Perhaps you’re thinking my work woes are laughable and you’d happily be tossed in my briar patch for no compensation. Yet maybe you love books so much – and take your reading so seriously – that you experience issues similar to mine.  So share with me, please:

How do you find balance between the necessity to read and real-life responsibilities?


by Author MonicaBurns on ‎12-29-2009 02:40 PM

First, I read so many books so quickly, that I get titles, characters, settings, etc., confused.


*snort*  Do NOT feel bad. I do that with my own books! LOL I can only focus on one project at a time and then I forget the past works. I have a table I keep with the characters and their books as a reference so I don't reuse names. *grin*


Actually, I totally empathize with your work woes. You sound like a writer if you ask me, trying to find the perfect balance between promotion, writing, home life and just private time to kick back and relax with a good romance.
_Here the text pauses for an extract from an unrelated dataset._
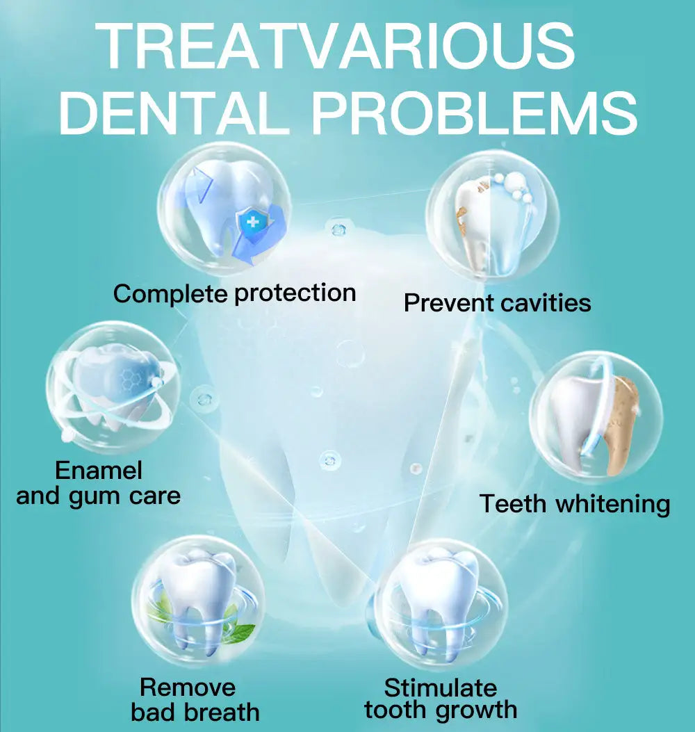 Eist Produkt kombinéiert eng fortgeschratt, fluoridfräi Formel mat natierlechen Zutaten fir eng ëmfaassend a sanft mëndlech Pfleeg. Dëst Zännpulver notzt d'regenerativ Kraaft vum Nano-Hydroxyapatit fir den Zännschmelz ze remineraliséieren, Karies ze reparéieren, Parodontitis a Mondgeschwëster effektiv ze behandelen an zréckzéiend Zännfleesch ze verbesseren. D'Formel enthält och berouegend Aloe Vera, antioxidanträiche gréngen Téi, natierlech ofgeleeten Xylitol a frësch Minze, déi Zännfleeschschmerzen lindern, Antioxidantienschutz bidden, den Otem erfreschen an d'allgemeng mëndlech Gesondheet förderen. Zesumme mat eiser speziell entwéckelter ultra-mëller Aktivkuelzännbürk botzt et sanft d'Zänn an d'Zännfleeschlinnen a schützt d'Zännfleesch effektiv viru Schued. Glowrizon® ass souwuel fir Erwuessener wéi och fir Kanner gëeegent, wat et zur idealer Léisung fir eng brillant Zännreinigung an eng verbessert mëndlech Gesondheet mécht.

I don't get any time to read anymore. I'm always busy with writing-related activities. Don't get me wrong. I love what I do, but I do miss the days when I could pick up a romance, get swept away and not have to be interrupted for anything that I need or should be doing instead of enjoying a good book. *sigh*

by Moderator becke_davis on ‎12-30-2009 12:38 AM

I am terrible at remembering titles. I've been known to confuse authors who write in the same genre and whose names are similar (even though I would never confuse their books). The biggest problem with this is that I frequently buy books I've already bought -- and often, that I've already read.
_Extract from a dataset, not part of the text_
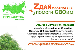 Акция будет проходить в виде соревнований между районами и городами Самарской области. С каждого собранного кг будет перечислено 2 руб. в региональные фонды поддержки СВО. Все участники акции будут награждены благодарностями и грамотами акции «Zдай бумагу – помоги СВОим». По результатам марафона будет составлен «Зеленый рейтинг» среди всех районов — участников.

It's hard because I want to read all the books by all of the authors featured on the Garden and Mystery book club boards, plus I want to read all the new romance releases, and all kinds of other books. I own -- and continue to buy -- more books than I'll ever be able to read. One of the great luxuries in my life is doing the "eenie-meenie-minie-moe" thing when I finish a book and have to choose a new one.
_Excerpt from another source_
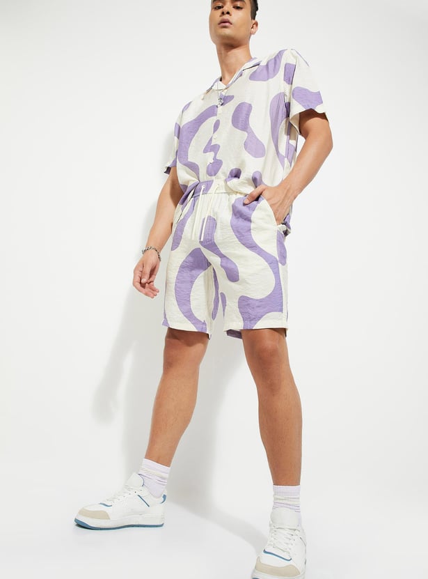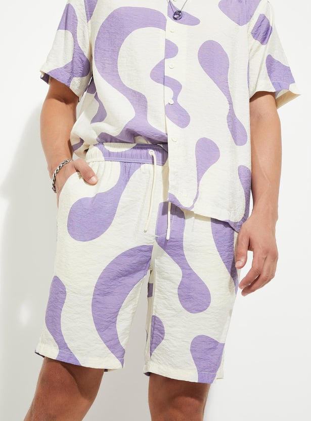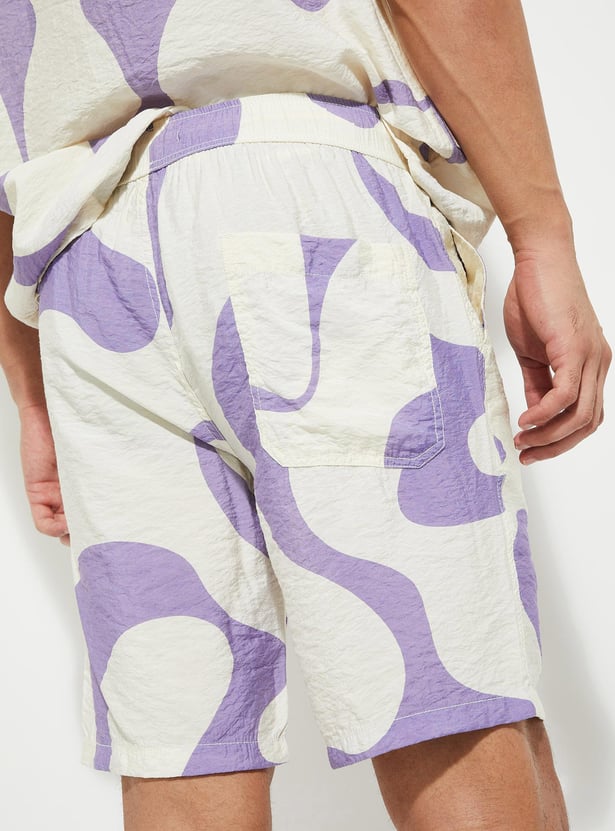 Add an extra dose of style to your vacation wardrobe with this pair of shorts. It is crafted in a relaxed fit profile for roomy comfort. It has a drawstring waist, insert pockets, and a back patch pocket. The abstract prints lend a quirky look.

My biggest problem in recent years is deciding whether to read or write. I want to write all the time but occasionally -- like now, when I'm visiting with my daughter -- it's just not practical. I caught up with all my pressing deadlines before we headed south, and now I'll be eager to dive into writing when I get back. So right now it's easy: read, read, read. But once I'm in my normal routine, it will be such a hard choice. I'm called by books already written and the books that want to be written -- soooo hard to choose!

by 1lovealways on ‎12-30-2009 01:54 AM

Hi Everyone!


Now that I'm retired because of a disability, I have time on my hands.  I always wanted to have more time to read and do my needlework and now I have it.  I don't complain, because God gave me what I silently wished for.  Sometimes one takes over more than the other.  Right now reading has taken over.  Before being disabled I was laid off several times and missed reading tons of books, because I had no money to bury them.  Now that I do, I'm like a kid in a candy store.  I buy books every month and I don't plan to stop.


Without books in my life, I'd be lost!  I'm been reading ever since I was old enough to understand and appreciate the written word.  I don't have kids, but I have 3 nieces and a nephew and tons of kid cousins, who keep me active.  Although, I do have more time to read, I still have responsibilities around the house to take care of.  I clean and cook like everyone else, but at a slower pace.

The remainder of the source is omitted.